Word2Vec will generate a semantic vector map in which words are closer in a vector manifold if they are semantically more similar. For an introduction to Word2Vec, see the tutorial:

https://medium.com/@zafaralibagh6/a-simple-word2vec-tutorial-61e64e38a6a1

Basically, word2vec will evaluate the context in which words are used (which other words co-occur with them) and map each word in the multi-dimensional space in relation to other words. 

To create that vector space, we need to feed a list of sentences to word2vec.So first we need a dataset of texts to input to word2vec in order to create the semantic vector map. 

You can also download a pretrained model: see here https://radimrehurek.com/gensim/models/word2vec.html

**If you are using colab, we simply copy paste a zipfile with all the texts, if using jupyter, place the zip folder in the same directory as the script**

In [None]:
## set the zip_dir based on the name of the folder that you compressed
zip_dir = "/../data/text"

base_dir1 = os.getcwd()
root_folder = base_dir1 + zip_dir

Here is set of processing functions to clean the input texts

In [40]:
def clean_url(input):
    output = re.sub(r"http\S+", "", input)
    return output


def fix_contraction(input):
    output = contractions.fix(input)
    return output


def clean_non_alphanumeric(input):
    output = re.sub(r"[^a-zA-Z0-9]", " ", input)
    return output


def clean_lowercase(input):
    output = str(input).lower()
    return output


def clean_tokenization(input):
    output = nltk.word_tokenize(input)
    return output


def clean_stopwords(input):
    stop_words = set(stopwords.words(stopword_language))
    output = [item for item in input if item not in stop_words]
    return output


def numbers_to_words(input):
    output = []
    for item in input:
        if item.isnumeric() == True:
            output += [num2words(item, lang=number_language)]
        else:
            output += [item]
    return output


def clean_lemmatization(input):
    output = [lemma.lemmatize(word=w, pos="v") for w in input]
    return output


def clean_length(input):
    output = [word for word in input if len(word) > 2]
    return output


def count_word_frequencies(input):
    word_count = nltk.FreqDist(input)
    word_count_most_common = word_count.most_common()
    output = [(count[0], count[1] / len(input)) for count in word_count_most_common]
    return output


def convert_to_string(input):
    output = " ".join(input)
    return output

## here we can select the relevant functions to add to the preprocessing pipeline

In [55]:
def pre_processing_pipeline(input):
    w = clean_url(input)

    w = fix_contraction(w)
    w = clean_non_alphanumeric(w)
    w = clean_lowercase(w)
    w = clean_tokenization(w)
    w = numbers_to_words(w)
    w = clean_stopwords(w)
    w = clean_lemmatization(w)
    clean_list = clean_length(w)
    # word_frequencies = count_word_frequencies(clean_list)
    # filtered_string = convert_to_string(clean_list)

    # return(filtered_string,word_frequencies,clean_list)
    return clean_list

We now create a list of sentences, each sentence a list of words.

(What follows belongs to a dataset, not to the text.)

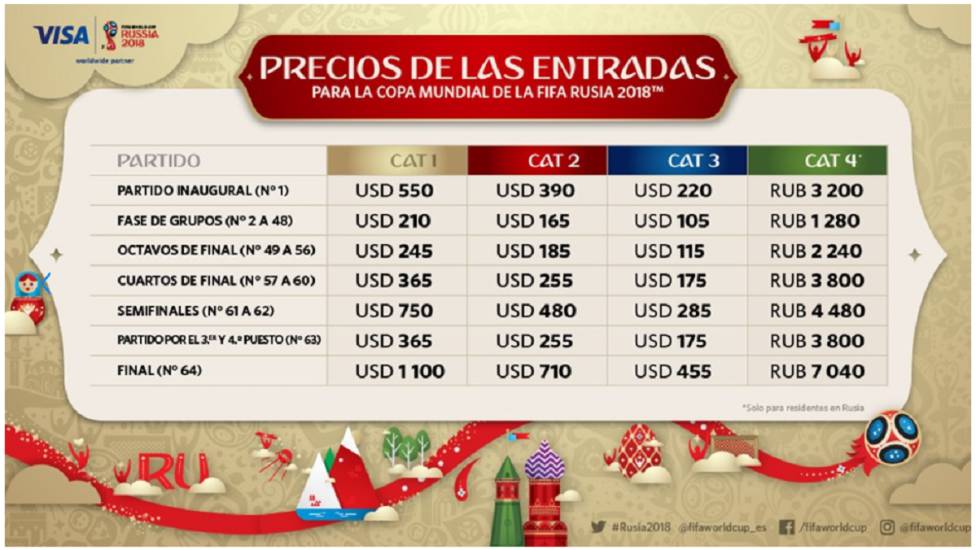A falta de que se conozca buena parte de las selecciones clasificadas, este jueves se pusieron a la venta las entradas para todas las fases del Mundial de Rusia 2018.
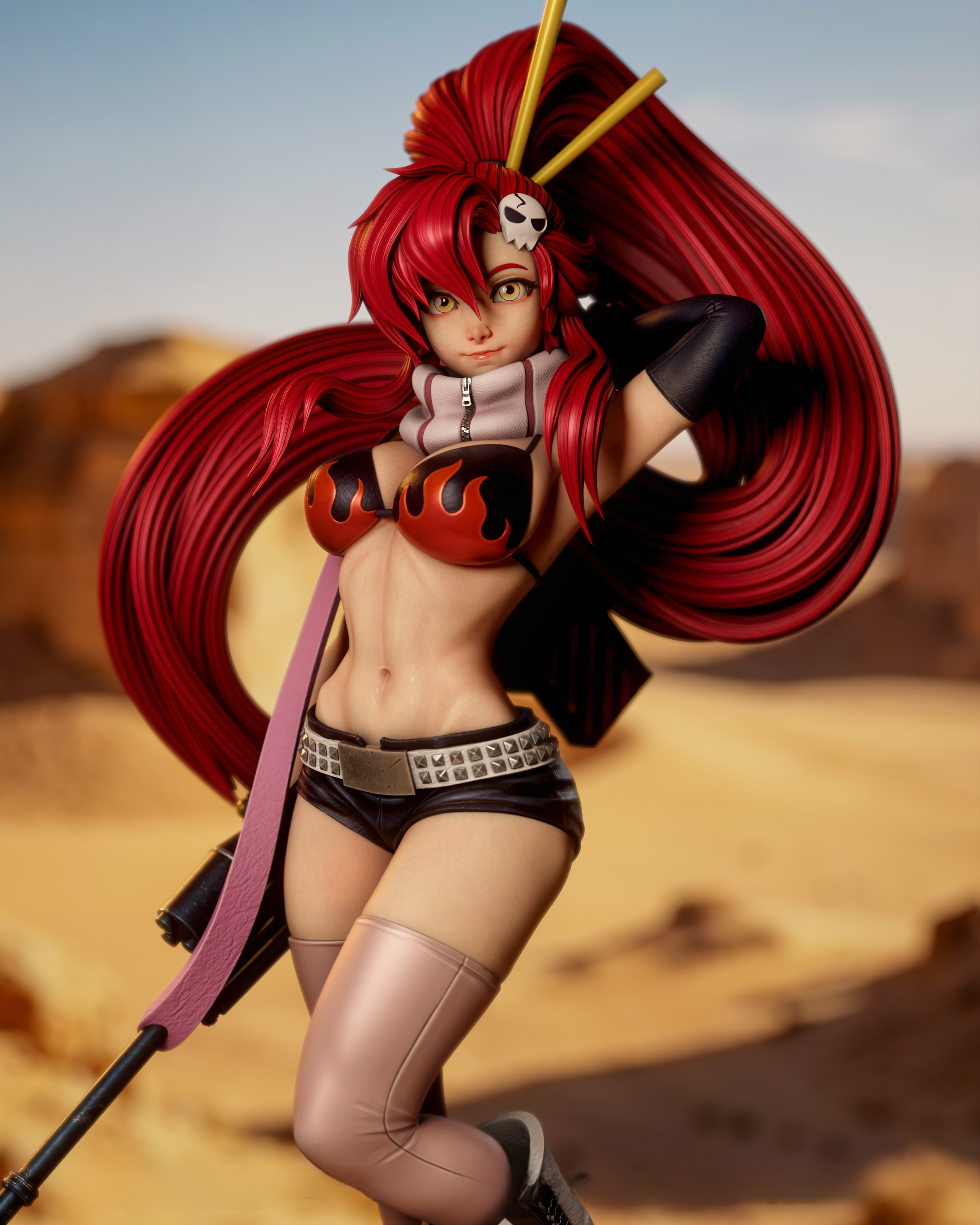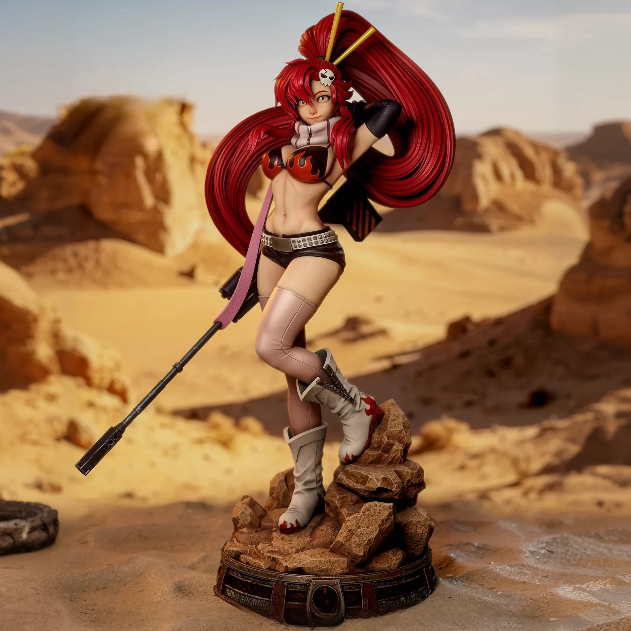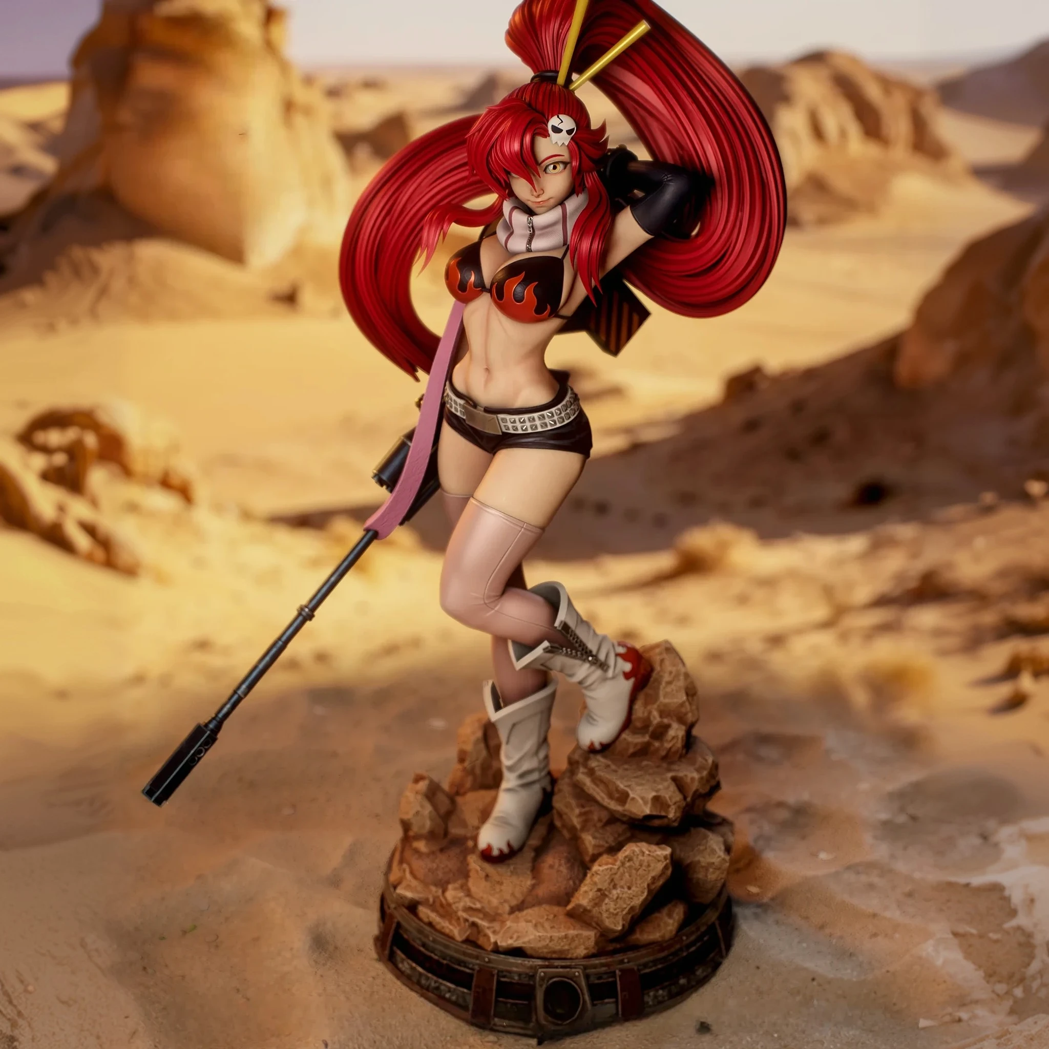 Фигура Йоко Литтнер из Gurren Lagann передаёт её как высокую, поджаро‑силуэтную девушку с ярко‑красными волосами, собранными в высокий конский хвост, и выразительными желтыми глазами, в которых видно сочетание решимости, задора и лёгкой иронии. Внешне она выглядит как молодая, но уже опытная боец и наставница, в которой заметно чувство пространства и прицела, как у человека, который привык смотреть далеко, а не только на себя. В фигурке подчёркнут её фирменный, почти сценичный, но практичный стиль: облегающий короткий топ или бюстгальтер, напоминающий огненный узор, плотные чулки и короткие кожаные шорты, из‑под которых выглядывают сапоги с высоким каблуком, как будто она не собирается бегать в лёгкой обуви, а всё равно чувствует себя уверенно на любой позиции. В её руках ощущается крупная винтовка, из которой она не торопится стрелять, а, как правило, держит её на изготовку, как часть своего тела, а не просто как оружие. Эта фигура фиксирует Йоко в момент, когда она не только снайпер‑защитница Гуррен Лаганн, но и человек, который сочетает сексуальную уверенность с реальной боевой дисциплиной, умеет вести себя и как шутливая, немного дерзкая старшая сестра, и как серьёзный воин, который не позволяет страху и неуверенности мешать прямой цели. В таком образе она остаётся заметной, яркой, но не перегруженной эмоциями героиней, опирающейся на меткий огонь, сильный характер и умение смотреть вперёд, а не назад.

This is the necessary input for word2vec.

In [42]:
def literary_words_list(root_folder):
    """

    Parameters
    ----------
    root_folder : a file path where .txt files are located
    e.g. 'c:\\Users\\Maria\\Dropbox\\Maria Brackin\\Finance and Text Analysis\\texts'

    Returns
    -------
    A list of the paragraphs, each paragraph a list of words


    """

    # Create list for clean sentences
    words_list = []

    # Iterates over the path, folders and subfolders looking for txt files
    for path, subdirs, files in os.walk(root_folder):
        for file in files:
            if ".txt" in file and "model" not in file:
                print(file)
                name = os.path.join(path, file)
                file_text = open(name, encoding="utf-8").read()

                # Creates a list of paragraphs - lines
                text_list_paragraphs = file_text.split("\n")

                # Iterate over paragraphs
                for paragraph in text_list_paragraphs:

                    ## remove \r at the end of some paragraphs
                    paragraph = paragraph.replace("\r", "")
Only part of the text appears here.